Ballerina Julie Kent's Emotional Final Performance With American Ballet Theater: 'Not A Dry Eye In The House'

Ballet Legend Gets 23-Minute Standing Ovation As She Says Goodbye

For more than 20 emotional minutes on Saturday night, the audience at the Metropolitan Opera House was applauding on its feet.

The standing ovation was for Julie Kent, the veteran ballerina who has danced with the American Ballet Theater for 29 years. On Saturday, she performed her last show with the company -- a moving “Romeo and Juliet” swan song.

When the curtain came down after the last act, the 45-year-old dancer “received a 23-minute ovation and enough bouquets to stock a small flower shop,” per The New York Times.

Several ballet greats, including Alessandra Ferri and Irina Kolpakova, were reportedly there to honor Kent on her last night with the Ballet Theater. The Times writes that Kevin McKenzie, the company’s director, “simply and movingly knelt in homage to her.” Kent’s husband, Victor Barbee, the company’s associate artistic director, also shared an emotional moment with her on the stage, as did her two young children.

Concertmaster Benjamin Bowman wrote on Twitter that there wasn’t “a dry eye in the house.”

In a tribute to Kent last week, writer and ballet enthusiast Alexandra Villarreal wrote:

Julie Kent is an icon. She's the quintessential image of an American ballerina, poised and elegant. When onstage at the Kennedy Center or the Metropolitan Opera House, she seems an ethereal vision painted in the Rococo style, where everything is ideal, fragile, and ephemeral. She's emotion physicalized, evoking the world's misery, joy, and serendipity with every arabesque or change in épaulement.

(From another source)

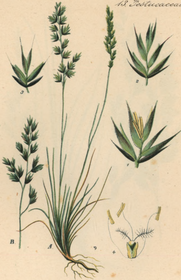
730. I. Festuca ovina L. Schafschwingel.

Kent joined the American Ballet Theater in 1985, and was promoted to principal dancer in 1993. She is the company's longest-serving principal.

In an earlier interview, she told Villarreal that though the decision to retire was a challenging one, she ultimately felt that it was time she moved on.

"You just have to move forward, you know? You have to keep moving forward in life, because that's what life is," she said. "It's a forward progression. You just can't keep staying, and staying, and staying. And it doesn't make it easy. None of this is easy for me because as you can imagine, it's been my entire life for the past thirty years, but just because it's difficult doesn't mean it's bad."

Some of Kent's fans may disagree. She will clearly be sorely missed.